:: Work request ::
Exact repetition of a range: find the line containing "За даними на" and the line containing "Round Coffee Table" in the material below, then repeat both and all lines between them, leaving pictures out.

:: Given records ::
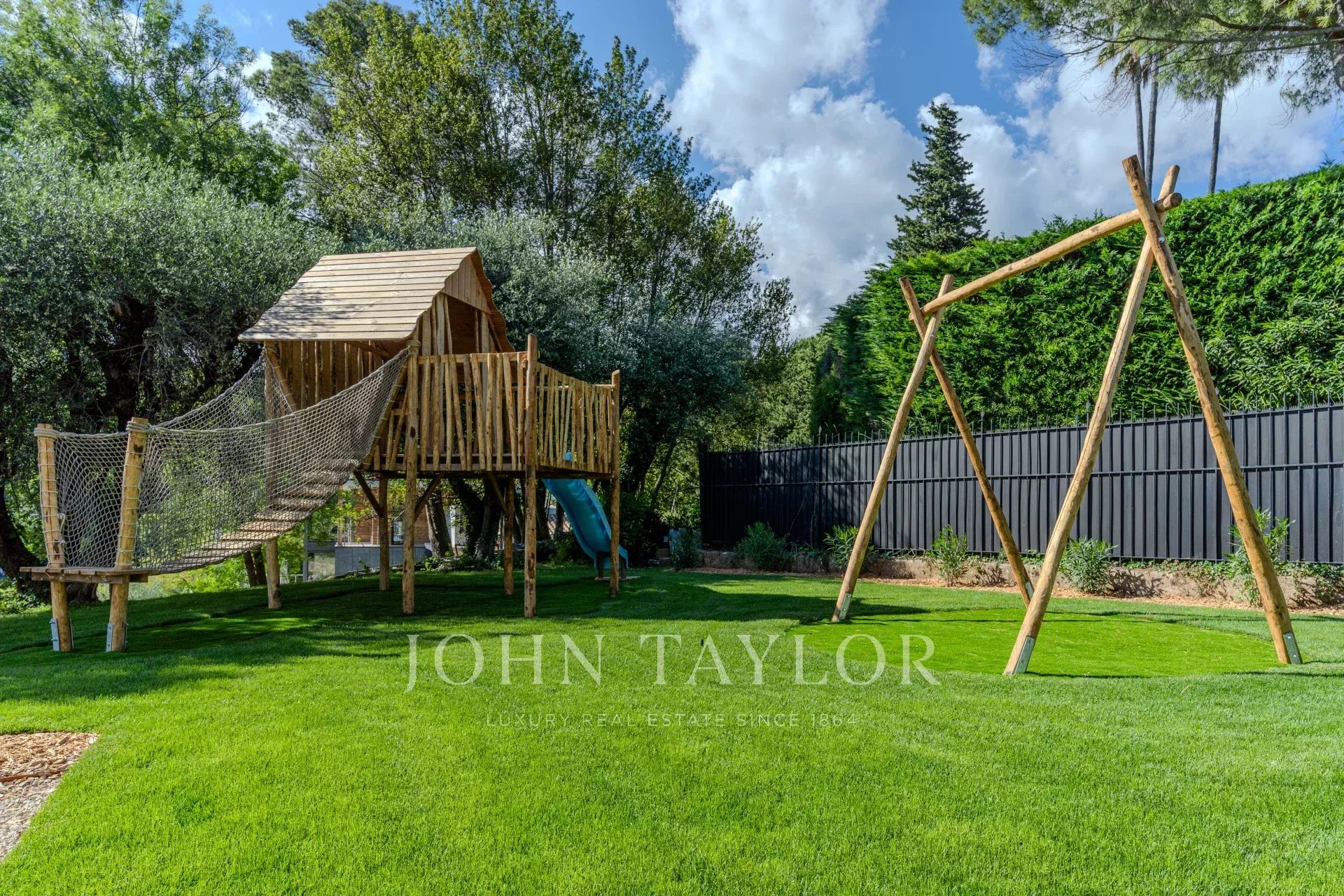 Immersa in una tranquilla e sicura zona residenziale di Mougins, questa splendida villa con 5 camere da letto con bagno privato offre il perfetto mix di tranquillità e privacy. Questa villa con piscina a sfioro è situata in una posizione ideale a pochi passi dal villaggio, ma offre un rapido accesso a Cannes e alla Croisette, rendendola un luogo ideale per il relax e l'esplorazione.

* * *

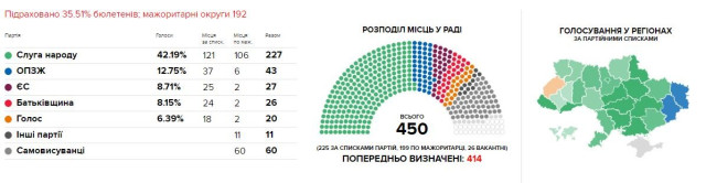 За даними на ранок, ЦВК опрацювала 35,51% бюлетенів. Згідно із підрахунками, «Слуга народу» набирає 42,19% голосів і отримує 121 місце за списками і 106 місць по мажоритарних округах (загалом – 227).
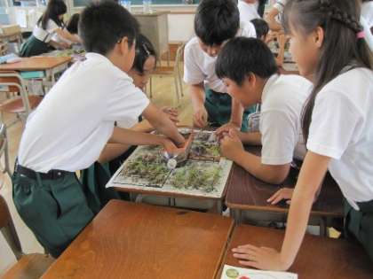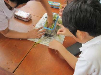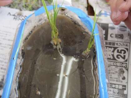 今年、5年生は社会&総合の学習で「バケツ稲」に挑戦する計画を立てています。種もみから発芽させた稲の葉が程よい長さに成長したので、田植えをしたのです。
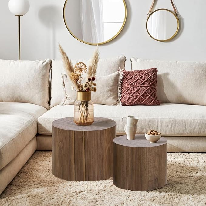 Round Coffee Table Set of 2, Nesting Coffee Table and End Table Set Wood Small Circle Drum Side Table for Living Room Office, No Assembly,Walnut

:: Exercise output ::
 За даними на ранок, ЦВК опрацювала 35,51% бюлетенів. Згідно із підрахунками, «Слуга народу» набирає 42,19% голосів і отримує 121 місце за списками і 106 місць по мажоритарних округах (загалом – 227).
 今年、5年生は社会&総合の学習で「バケツ稲」に挑戦する計画を立てています。種もみから発芽させた稲の葉が程よい長さに成長したので、田植えをしたのです。
 Round Coffee Table Set of 2, Nesting Coffee Table and End Table Set Wood Small Circle Drum Side Table for Living Room Office, No Assembly,Walnut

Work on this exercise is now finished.